MicroRNA regulatory networks reflective of polyhexamethylene guanidine phosphate-induced fibrosis in A549 human alveolar adenocarcinoma cells.

作者信息

Shin Da Young, Jeong Mi Ho, Bang In Jae, Kim Ha Ryong, Chung Kyu Hyuck

机构信息

School of Pharmacy, Sungkyunkwan University, Suwon, Gyeonggi-do, 16419, Republic of Korea.

College of Pharmacy, Catholic University of Daegu, Gyeongsan, Gyeongsangbuk-do, 38430, Republic of Korea.

出版信息

Toxicol Lett. 2018 May 1;287:49-58. doi: 10.1016/j.toxlet.2018.01.010. Epub 2018 Jan 12.

Abstract

Polyhexamethylene guanidine phosphate (PHMG-phosphate), an active component of humidifier disinfectant, is suspected to be a major cause of pulmonary fibrosis.
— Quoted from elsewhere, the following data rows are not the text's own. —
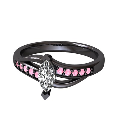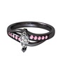 Swarovski ve pembe kuvars 925 ayar siyah rodyum kaplama gümüş yüzük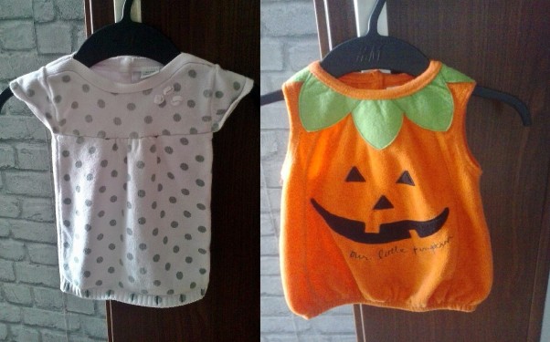 Wybrałam się dzisiaj z synkiem na kilkugodzinne zakupy. Chodziliśmy sobie spokojnie, bez pośpiechu po mieście. Są wakacje, mniej obowiązków. Mieliśmy dużo czasu na oglądanie rzeczy dla niego i dla Lilianki i na cieszenie się sobą. Nie byłabym sobą gdybym nie weszła do second- handu. Jaka była moja radośc gdy wyszukałam takie oto śliczne ciuszki dla córeczki. Już się nie mogę doczekac aż przebiorę dzieciaki na Halloween tym bardziej, że synek też ma kostium dyni ;)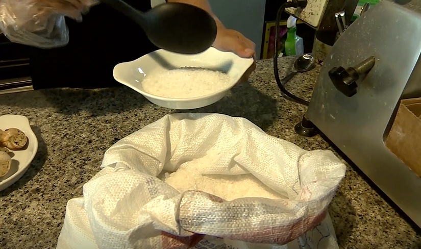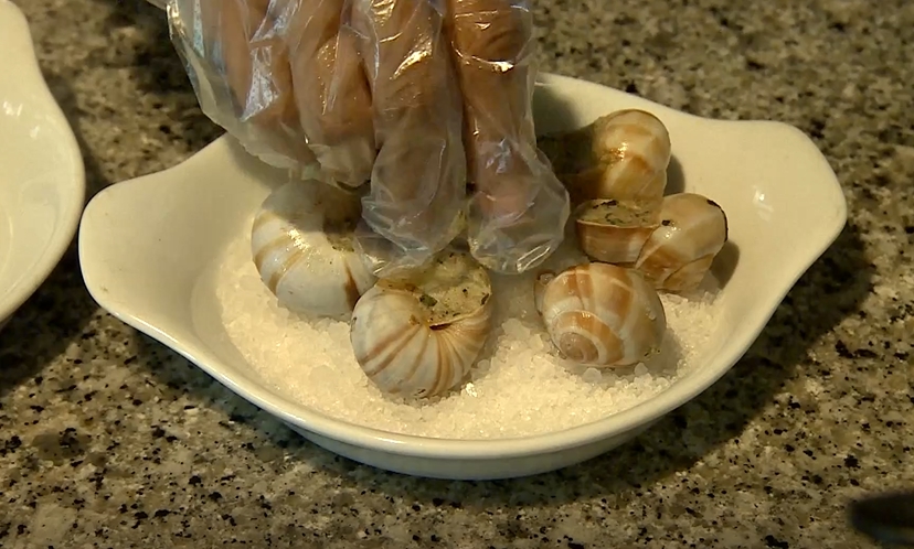 轉個鏡頭看,這一大袋粗鹽,我們拿到的是食品加工用的,鋪在烤田螺下方,除了裝飾,最主要能保溫,這法式烤田螺底下鋪的一層食品級粗鹽,儘管餐廳不建議客人食用,但它也絕對不能用工業用的鹽,因為它與食物本身是如此的貼近。

Fibrosis, induced by recurrent epithelial damage, is significantly affected by epigenetic regulation, including microRNAs (miRNAs). The aim of this study was to investigate the fibrogenic mechanisms of PHMG-phosphate through the profiling of miRNAs and their target genes. A549 cells were treated with 0.75 μg/mL PHMG-phosphate for 24 and 48 h and miRNA microarray expression analysis was conducted. The putative mRNA targets of the miRNAs were identified and subjected to Gene Ontology analysis. After exposure to PHMG-phosphate for 24 and 48 h, 46 and 33 miRNAs, respectively, showed a significant change in expression over 1.5-fold compared with the control. The integrated analysis of miRNA and mRNA microarray results revealed the putative targets that were prominently enriched were associated with the epithelial-mesenchymal transition (EMT), cell cycle changes, and apoptosis. The dose-dependent induction of EMT by PHMG-phosphate exposure was confirmed by western blot. We identified 13 putative EMT-related targets that may play a role in PHMG-phosphate-induced fibrosis according to the Comparative Toxicogenomic Database. Our findings contribute to the comprehension of the fibrogenic mechanism of PHMG-phosphate and will aid further study on PHMG-phosphate-induced toxicity.

摘要

聚六亚甲基胍磷酸盐(PHMG-磷酸盐)是加湿器消毒剂的一种活性成分,被怀疑是肺纤维化的主要原因。由反复上皮损伤诱导的纤维化受到表观遗传调控的显著影响,包括微小RNA(miRNA)。本研究的目的是通过分析miRNA及其靶基因来探究PHMG-磷酸盐的致纤维化机制。用0.75μg/mL的PHMG-磷酸盐处理A549细胞24小时和48小时,并进行miRNA微阵列表达分析。鉴定出miRNA的假定mRNA靶标并进行基因本体分析。在暴露于PHMG-磷酸盐24小时和48小时后,分别有46个和33个miRNA的表达与对照相比有超过1.5倍的显著变化。miRNA和mRNA微阵列结果的综合分析显示,显著富集的假定靶标与上皮-间质转化(EMT)、细胞周期变化和细胞凋亡有关。通过蛋白质印迹证实了PHMG-磷酸盐暴露对EMT的剂量依赖性诱导。根据比较毒理基因组学数据库,我们鉴定出13个可能在PHMG-磷酸盐诱导的纤维化中起作用的假定EMT相关靶标。我们的研究结果有助于理解PHMG-磷酸盐的致纤维化机制,并将有助于进一步研究PHMG-磷酸盐诱导的毒性。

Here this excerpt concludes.